Next thing you know, Biden won't invite Palin to his birthday party.

Breathe...

Well, I have had to switch gears pretty dramatically in the past few weeks. Those lazy days of summer came to a screeching halt once September began. I will now take on the challenge of work-life balance. I never have any difficulty when one OR the other is busy. If work is slammed, then things on the weekend must be relaxed, and vice-versa. Unfortunately, sometimes life gets in the way.

Work will be busy from now until the spring, which is good because I enjoy the challenge and hate ever feeling idle or bored. But there is something going on pretty much every weekend from now until the end of the year. And though they’re all wonderful things (weddings, family reunions, anniversaries, football games, vacations), it can be a little overwhelming when you try to plan the remainder of the year out.

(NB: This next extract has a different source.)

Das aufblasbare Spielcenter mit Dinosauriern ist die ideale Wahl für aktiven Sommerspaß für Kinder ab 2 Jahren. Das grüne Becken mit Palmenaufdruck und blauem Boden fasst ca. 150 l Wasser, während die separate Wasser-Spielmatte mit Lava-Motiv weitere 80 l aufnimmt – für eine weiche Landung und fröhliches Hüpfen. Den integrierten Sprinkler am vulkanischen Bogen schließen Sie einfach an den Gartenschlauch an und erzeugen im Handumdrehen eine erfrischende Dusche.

So, I must take the following:
1. a deep breath
2. one day at a time
3. into account how blessed I am.

I must NOT take the following:
1. Anything for granted.

Thursday, August 21, 2008

(around) 28 days later

I’ve been gone. I’ll blame it on the Olympics, though that’s not really the whole of it. I just haven’t felt like writing anything, and that makes it difficult to post anything. Work is heating up again, and the end of summer makes me slightly apathetic. I need to be invigorated by crisp fall air! Pumpkins! Scary movies and blankets! Foliage! Unfortunately, Richmond has a delayed fall, but somehow, psychologically, September feels better, even if it is still 80.

Oh. And my 10-year high school reunion is this weekend. I know, I know, aging is all about perspective. At 40, looking back, I’m sure I’ll feel like I was a baby at 27. But 10 years out of high school is weird at 27, I don’t care who you are. And I am not going. I debated, but I didn’t angst over it. But I got an opportunity to get out of town with my husband and his parents, and I decided that it is more important to grab time with the people you love than revisit old times with people you don’t remember. Part of me wants to go, but I think I made the right decision, for the right reason.

Wednesday, July 30, 2008

It's a Mad, Mad World

"Mad Men." It's back and I couldn't be happier. I would urge anyone who hasn't gotten on this train to go out and get the first season on DVD. It's just that good, and it's not too far along that you can throw your hat in and say, "whatever, it's too late to get in on it now, and it's probably overrated anyway." It's not.

The costumes, sets, and music are spectacular. Over all, the characters are unique and complex (I'm not sure if anyone else has ever thought that the character of Pete Campbell can seem wooden at times...).
In all, watching the show is like drawing back and peeking inside a Norman Rockwell painting.

Monday, July 28, 2008

And now it's Monday

I drove 25 minutes to work and realized I forgot my laptop in the corner of my dining room. There is no backup, so I had to drive back home. And then back to work. Ah, Monday.

Friday, July 25, 2008

flash fiction


The baby cries. The baby cries and because I am in church, I cannot do what I want, which is reach out with my right hand and flick the back of the mother’s neck. Worse, she has let a one inch section of hair fall from her bun. I’d like to give that a yank, but it’s church so I kneel.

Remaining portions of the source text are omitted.